I’ve seen in my community where our birthplace of the waters was going dry in 2012. We were running for the water and one of the women had offered a few of the drops of the water from there before it had dried up. We started. We felt that call and we started to give more offerings. In that process, seven years later, it’s flowing again. All these things that we don’t realize are possible, but there are still medicine people that know how to call upon that spirit of the water to come back. What we need to do is to make sure there’s a balance because all these things that are happening now, the fracking, especially in Texas. We have fracking, we have detention centers and they’re layered. We have women and children that are being incarcerated just for trying to cross a border and they’re being fed this water that’s coming from the fracking wells and that’s coming from the surface water. It’s completely toxic. It’s flammable in Southwest Texas. It’s something that is just growing horrifically. We’re starting to see earthquakes from it. We’re starting to see all these things happen in response to these chemicals that are being shot into the land to pull out the gas. It’s horrible and it’s something that not a lot of people are aware of.
Same thing when we’re running in Canada. You’re running down the highway and there’s this curtain of trees. Then, you start to see these signs and then you look beyond, just behind the small thin tree line, it’s a fracking site. In BC, I remember running and seeing that.
The corporations are trying to keep it tucked away or in places that people don’t realize you can’t see it, but in West Texas, right now where my grandparents live, my cousin passed away from a brain tumor three years ago and he worked on one of those seismic sites. He got a brain tumor. I started talking to some of the women that were working there taking care of him in the home health and in the hospice centers. They said, “You know what? If we had double the amount of hospice centers, it would be full of brain and lung cancer patients from all the chemicals that are blowing up.”

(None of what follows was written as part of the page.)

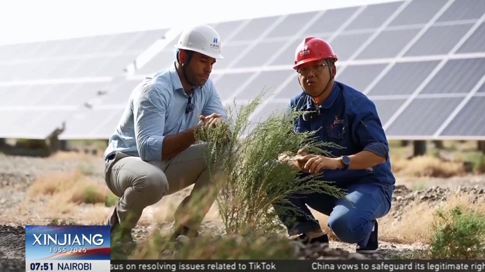 外籍主持人林肯探訪了全球最大的“草光互補”光伏基地——阿合雅光伏產業(yè)園。這片由181萬塊光伏板組成的藍色海洋,占地493公頃,相當于700個標準足球場。不僅能夠提供滿足約43萬人全年用電需求,還兼具治沙功效。中國華能集團烏什光伏電站負責人周博表示,這類光伏設施能夠穩(wěn)固土壤、防止侵蝕,板面凝結的水珠還可灌溉下方土地,支持植物持續(xù)生長?!案瓯谄孥E”的背后,是國家實現(xiàn)“雙碳”目標而推動的生態(tài)與能源的“雙向奔赴”。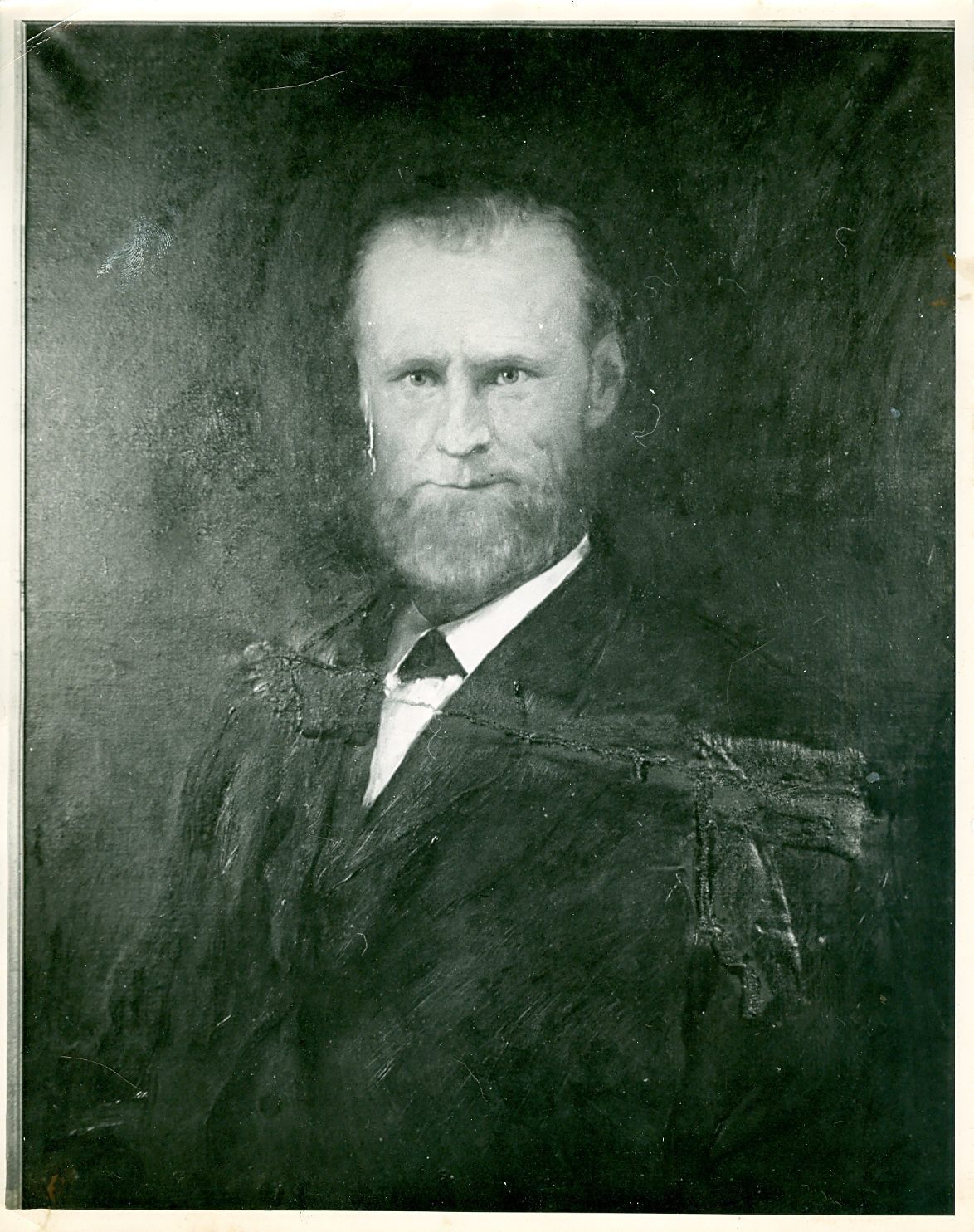 Black and white photograph of a man in a suit. He has just a beard, no moustache, his hair is slicked back, and his suit is dark.

This is the world that we’re inheriting. This is the world that we’re leaving for our children and for our grandchildren. It’s up to the younger generations to work with the older generations, the more seasoned and wise generations to hear the stories, to learn the stories to really know where we are and what’s going on around us. It’s really important to know what’s happening and how sacred our land is, how sacred the air is and why we need to become protectors. We need to move in peace, but also to demand dignity for the things that we do because we are not accepting a world that’s uninhabitable. We need to take care of ourselves and we need to care of all of that which gives us life.
With that, it’s a strong time right now for us to really be training and to be more creative, to find more creative solutions that are natural and bring us back into balance, but also to have that strong voice to demand it and to be able to play by those political construct rules and to know the laws. We need to be educated. We need to know how to stand up for ourselves and how to show where the holes are for science and all of these other things so that we can also prove that our indigenous sciences are just as strong and even more timeless.
Nina Serrano: Wow. This is overwhelming. I’m so glad you’re here to tell us these things. They’re profound, they’re moving and they’re inspiring. Thank you so much. It’s been a pleasure.
Vanessa Quesada: Thank you.
Nina Serrano: Un placer.
Vanessa Quesada: Igualmente. Muchisimas gracias.
Nina Serrano: Vanessa Quesada from the San Antonio Peace and Dignity Journey, the Esperanza Peace and Justice Center and the Society for Native Nations. Thank you. Gracias.